* **What you have to do**:
Take the data below and extract the lines from the one with "An outdoor heavyweight" to the one with "sandĂĄlia feminina salto", inclusive, exactly as written.

* **Data for this task**:
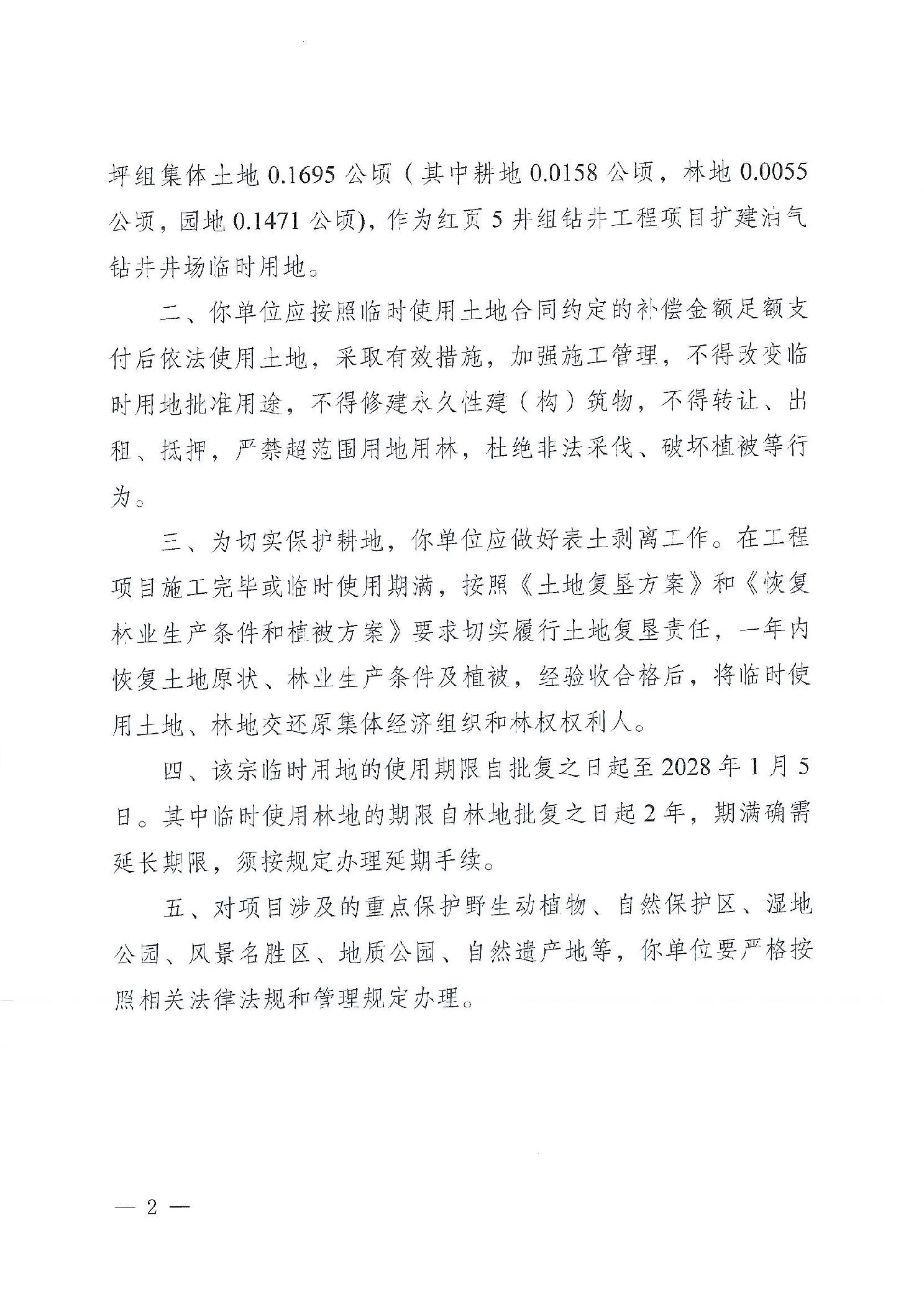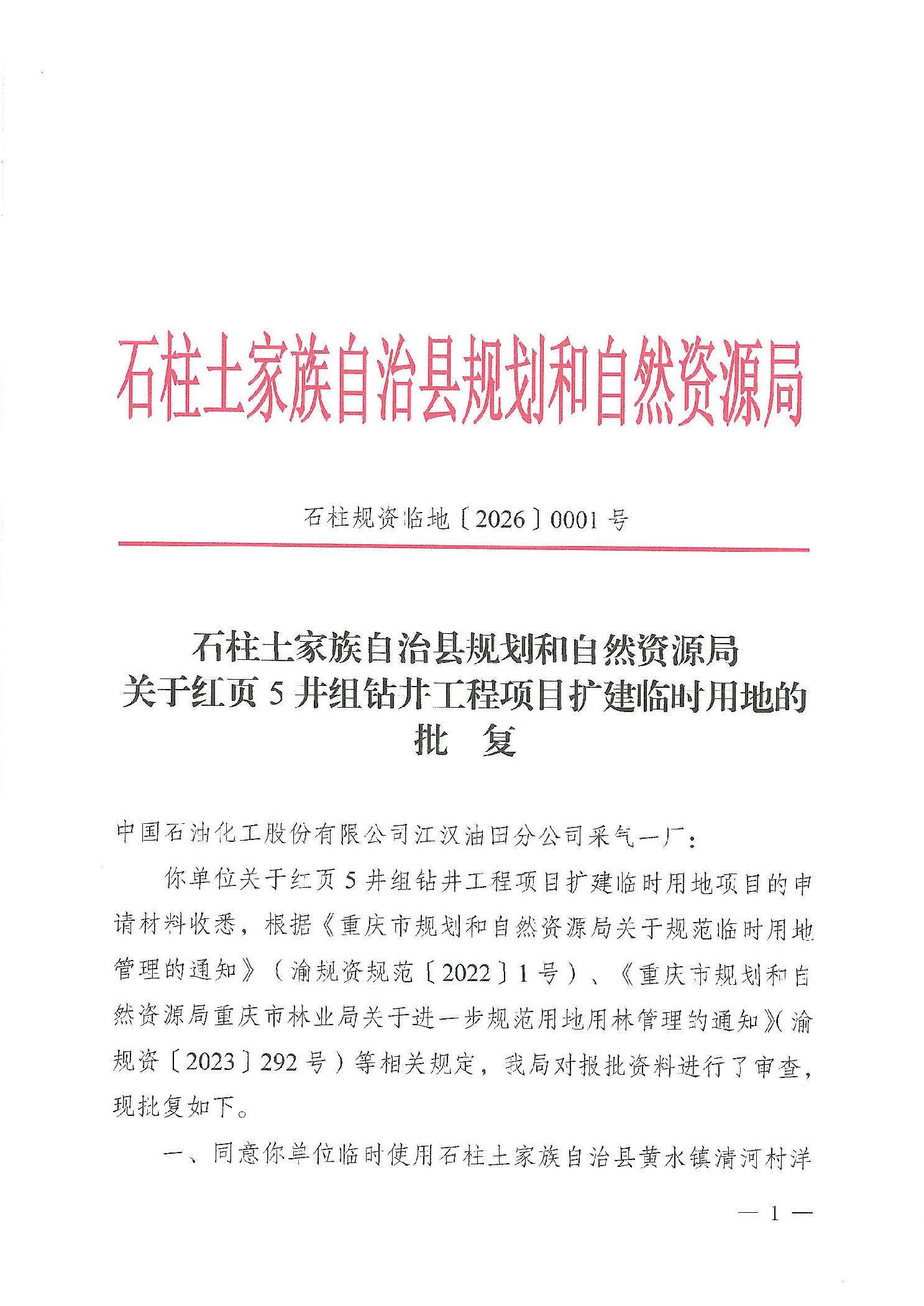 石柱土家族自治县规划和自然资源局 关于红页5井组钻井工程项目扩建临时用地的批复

* * *

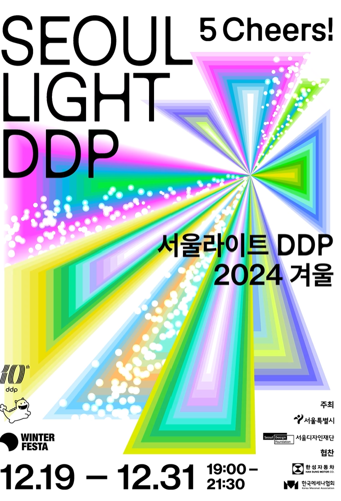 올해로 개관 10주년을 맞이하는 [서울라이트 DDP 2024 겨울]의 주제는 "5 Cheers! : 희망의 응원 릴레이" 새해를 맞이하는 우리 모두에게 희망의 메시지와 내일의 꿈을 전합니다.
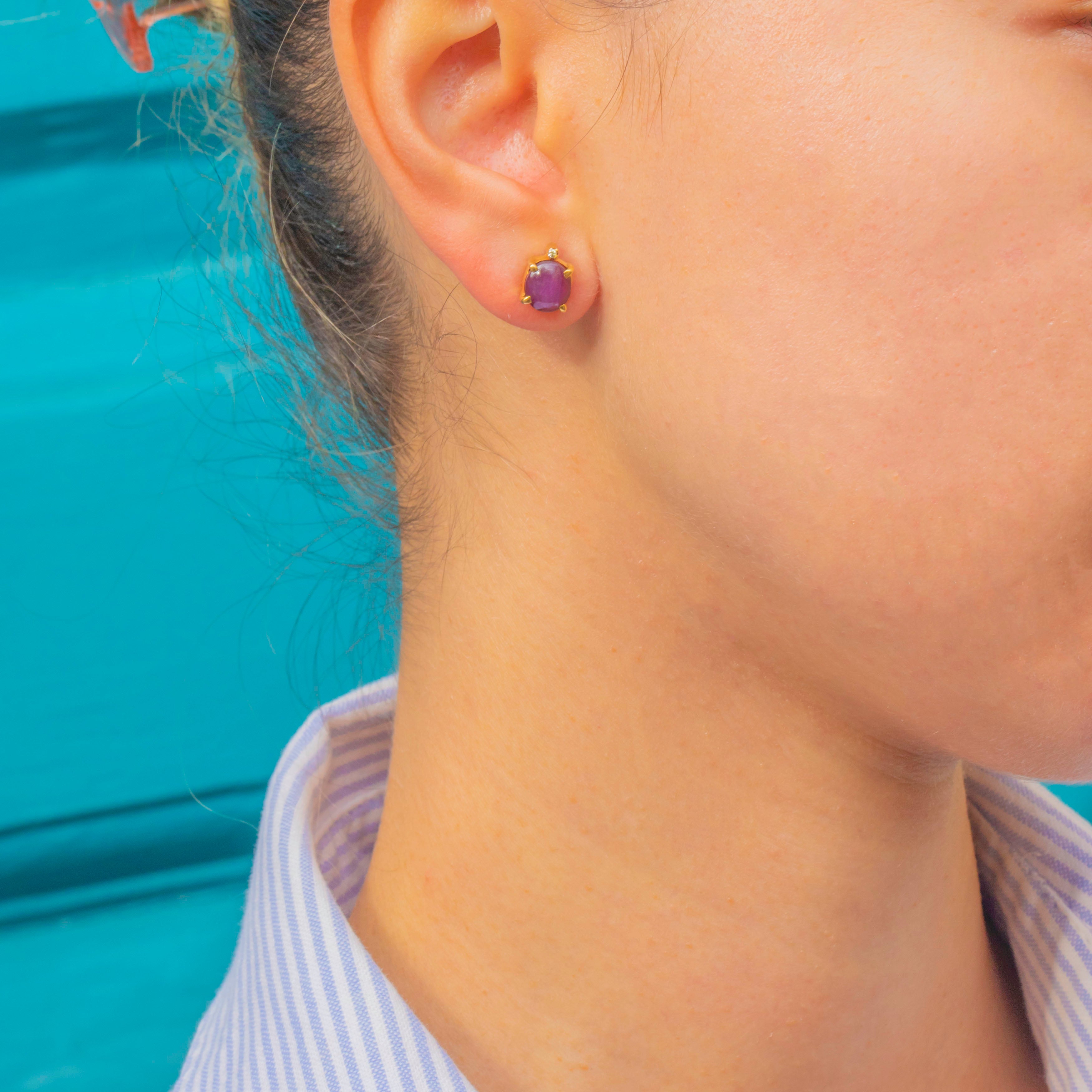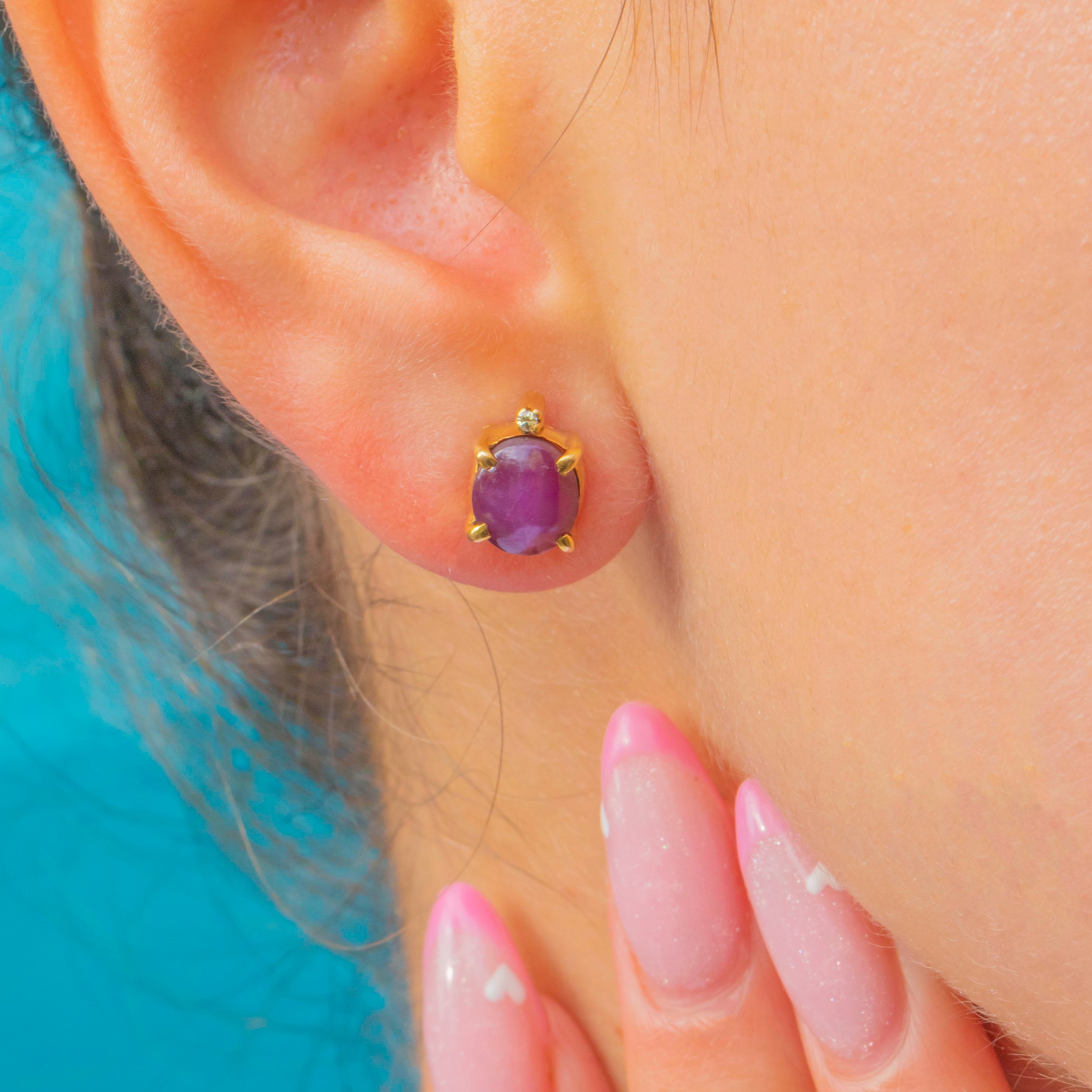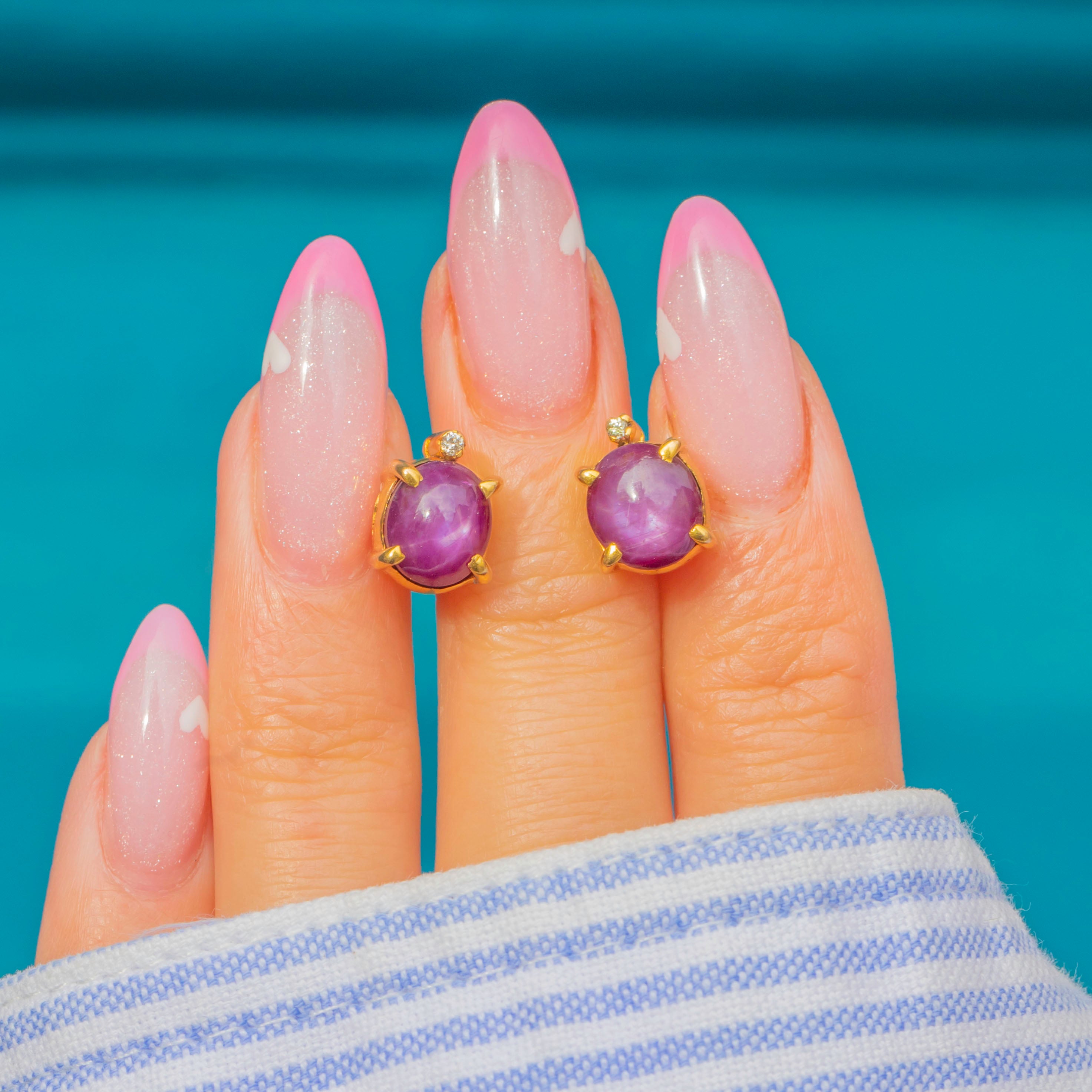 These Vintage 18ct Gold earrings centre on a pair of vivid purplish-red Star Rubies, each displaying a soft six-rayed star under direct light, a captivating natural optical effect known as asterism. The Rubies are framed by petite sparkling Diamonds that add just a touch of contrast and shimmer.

---

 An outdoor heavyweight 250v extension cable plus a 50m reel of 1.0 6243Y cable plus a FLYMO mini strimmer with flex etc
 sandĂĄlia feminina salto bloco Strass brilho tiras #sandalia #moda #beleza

* **Finished task**:
 An outdoor heavyweight 250v extension cable plus a 50m reel of 1.0 6243Y cable plus a FLYMO mini strimmer with flex etc
 sandĂĄlia feminina salto bloco Strass brilho tiras #sandalia #moda #beleza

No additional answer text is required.